Пили молча. Тулук, не стесняясь, изучал Безрода во все глаза и не отводил взгляда, будто напрашивался на резкий окрик. Сивый только посмеивался. Пусть глядит, если охота, – когда еще такое увидит? Молча поставил чару и вышел. Двукосмый жутким взглядом проводил Безрода в спину и снова уткнулся в чару.
Грец, увидев Безрода, махнул в сторону рабынь, – дескать, выбирай. Сивый как старой знакомой кивнул Гарьке, и девка, просиявшая, словно чищеный доспех, прошептала Безроду.
– Вчера Крайр с добычей вернулся. Удачен был поход.
Загон Крайра ожил против прежнего. Внутри хрипели мужские голоса, визжали женские, для острастки щелкали по доскам кнуты. Сивый толкнул дощатую дверь и вошел. Двое здоровяков только-только выстраивали живой товар для смотра. Рабыни отворачивались, жмурились, морщились.
– Чего надо? – низким, надорванным голосом прохрипела громадная тень из глубины сарая.
– А чем торг ведешь?
– Да бабами!
– Так показывай!
– А гляди! – тень вышла на середину загона, и неровный свет явил миру зверя в человечьем облике.
Глубоко запавшие глаза цвета линялого неба глядели зло и недоверчиво, морщинистое лицо, продубленное холодными морскими ветрами, кривилось в усмешке, тяжелая нижняя челюсть, укутанная грязно-серой бородой, лениво перемалывала пряный полуденный лук. Будто старый, рваный в драках медведь встал на задние лапы, научился растягивать губы, говорить слова и смеяться.

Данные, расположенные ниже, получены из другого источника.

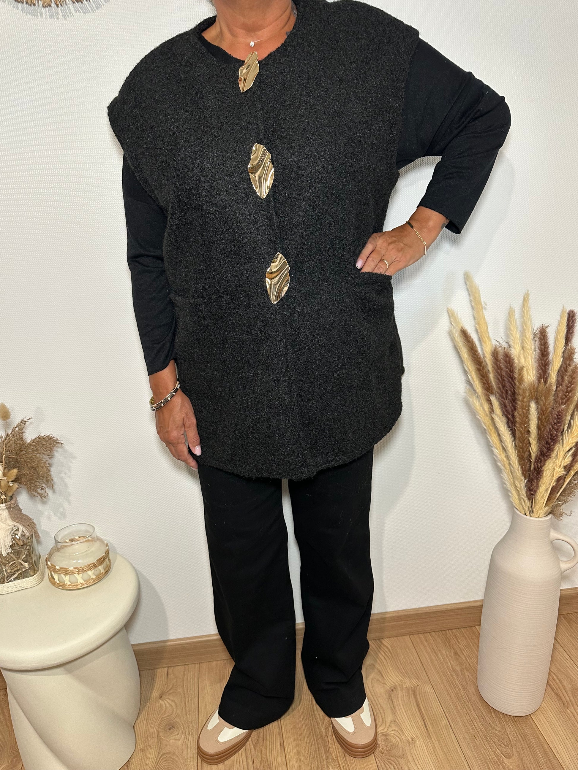 Veste longue feutrine noire 2 poches fermeture par broche doré taille unique convient du 42 au 50

Безрод прошелся вдоль строя рабынь. Несчастные жались к стенам, ровно те могли прикрыть собою от цепкого взгляда страшного человека с безобразным лицом, скрыть, обезопасить.
– Эта из Уккаба, – мрачно гремел Крайр, показывая пальцем на кроткую, как олениха, большеглазую девку. – Эта из Гистайны, эта из Седд… Седд… тьфу, черный бог, язык сломаешь! Откуда ты? – рявкнул Крайр на невысокую кареглазку, затравленно глядящую кругом, совсем еще девчонку, на чьем веснушчатом лице расплылся лиловый синяк.
– Из Седдюрягстны. – Прошипела девчонка, метнув на Крайра взгляд, полный лютой злобы.
– Огонь, а не девка! – «медведь» щелкнул толстыми пальцами и довольный ощерился. – Бери! Не прогадаешь!
– Нет, – задумчиво бросил Сивый, качая головой и оглядывая девчонку с ног до головы. – Прогадаю.
Веснушчатая съежилась, когда по ее лицу прошлись два холодных синих ока, и огонь, до того полыхавший в карих глазах полновесным пламенем, усох до двух тлеющих искр.
– Неужели сам торг ведешь? – Безрод повернулся к хозяину. Крайр недобро прищурился. – Все сам, – и в поход, и на торг?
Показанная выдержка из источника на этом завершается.